Snapchat owner’s earnings miss predictions, shifts focus to user growth in ‘monetizable’ markets such as North America and Europe.
Snapchat’s owner narrowly falls short of Wall Street’s expectations amidst a slowdown in digital advertising. Shares in the social media firm plunged by almost a third. While Snap expressed being “encouraged by the progress we are making,” it attributed factors like the Middle East conflict impacting its business.
Snap’s revenue increased by 5% to $1.36 billion in the three months ending December 31, falling short of analysts’ expectations of $1.38 billion. Net losses decreased from $288 million to $248 million.
Investor concerns about its growth persisted. The company projected revenue in the current quarter to range between $1.1 billion and $1.14 billion, slightly below analysts’ expectations of about $1.1 billion.
During after-hours trading in New York, Snap’s stock plummeted by 30% to $12.21.
Alphabet, the parent company of Google and YouTube, and Meta Platforms, the parent company of Facebook and Instagram, the world’s two largest advertisers, have been performing better, while smaller market players continue to struggle.
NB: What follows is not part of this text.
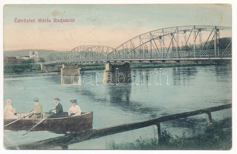 1908 Máriaradna, Radna (Lippa, Lipova); híd. Montázs csónakázókkal, Ko... https://www.darabanth.com/de/40-Gross-Auktion/40.1/Ansichtskarten/Siebenburgen~16469/1908-Mariaradna-Radna-Lippa-Lipova-hid-Montazs-csonakazokkal-Kohn-Lajos-kiadasa-brid~II2877184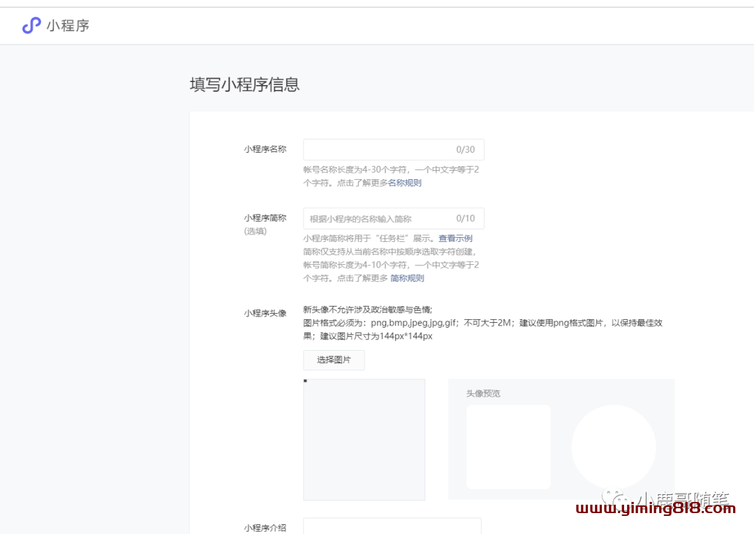 ⑨填写小程序名称、小程序简介、小程序头像、小程序介绍(用户搜索小程序名称进入时可以看到)![图片[13]-副业项目之小程序源码去水印月入1000-一鸣资源网](https://www.yiming818.com/wp-content/uploads/2022/03/05428d548baf.png)

Snap, headquartered in Santa Monica, California, ended 2023 with approximately 414 million daily active users and anticipates this number to increase to 420 million in the first quarter.
The company informed investors on Tuesday that it is shifting “more of our focus toward user growth and deepening engagement in our most highly monetizable geographies, including North America and Europe.”
Evan Spiegel, CEO of Snap, stated, “2023 was a pivotal year for Snap, as we transformed our advertising business and continued to expand our global community, reaching 414 million daily active users. It has 7 million subscribers who pay for its Snapchat+ premium product.
Snapchat strengthens connections with friends, family, and the wider world, offering a distinctive value proposition that serves as a solid foundation for our long-term business growth.